Electricity here is almost 18 cents a kw/hr so the price is almost comparable to propane. Natural gas in the most common followed by oil being in areas without gas service. Last I heard, Maine is #1 for homes heated by oil.


----------



## wendon (Sep 27, 2010)

sbrn33 said:


> I am going to get in before this thread gets closed because we are talking about the weather.


If you like your weather, you can keep your weather.

Oh, and PMS jokes aren't funny. Period.


----------



## backstay (Feb 3, 2011)

MTW said:


> Electricity here is almost 18 cents a kw/hr so the price is almost comparable to propane. Natural gas in the most common followed by oil being in areas without gas service. Last I heard, Maine is #1 for homes heated by oil.

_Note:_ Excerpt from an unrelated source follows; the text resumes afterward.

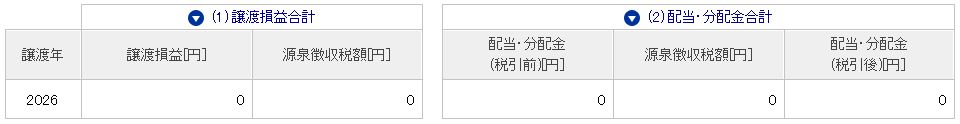 今年はまだ国内株の取引は開始されていませんので、現時点の通算損益は0円、評価損益も0円です。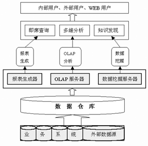三個層次簡單明了,但在實際實施時,卻需要應(yīng)用數(shù)據(jù)挖掘、人工智能、機器學習等多個領(lǐng)域的理論和技術(shù),以及統(tǒng)計學、決策科學、計算機科學等方面專業(yè)人才的密切合作,才能從數(shù)據(jù)倉庫的海量數(shù)據(jù)中淘出所需要的“金”;跀(shù)據(jù)倉庫的CRM體系結(jié)構(gòu)如圖所示。

$52 per million Btu's. still cheaper than propane.


----------



## wendon (Sep 27, 2010)

Ordered propane last week Monday, the price was $2.44 a gallon. They delivered it on Thursday and the price was up to $4.08. Lucky me they gave me Monday's price. Tore out my oil furnace last year and installed a high efficiency LP furnace. Should have kept the oil furnace I guess!!


----------



## backstay (Feb 3, 2011)

wendon said:


> Ordered propane last week Monday, the price was $2.44 a gallon. They delivered it on Thursday and the price was up to $4.08. Lucky me they gave me Monday's price. Tore out my oil furnace last year and installed a high efficiency LP furnace. Should have kept the oil furnace I guess!!


Best to have multiple sources. What's electric cost there? Any dual fuel or off peak rates?


----------



## wendon (Sep 27, 2010)

backstay said:


> Best to have multiple sources. What's electric cost there? Any dual fuel or off peak rates?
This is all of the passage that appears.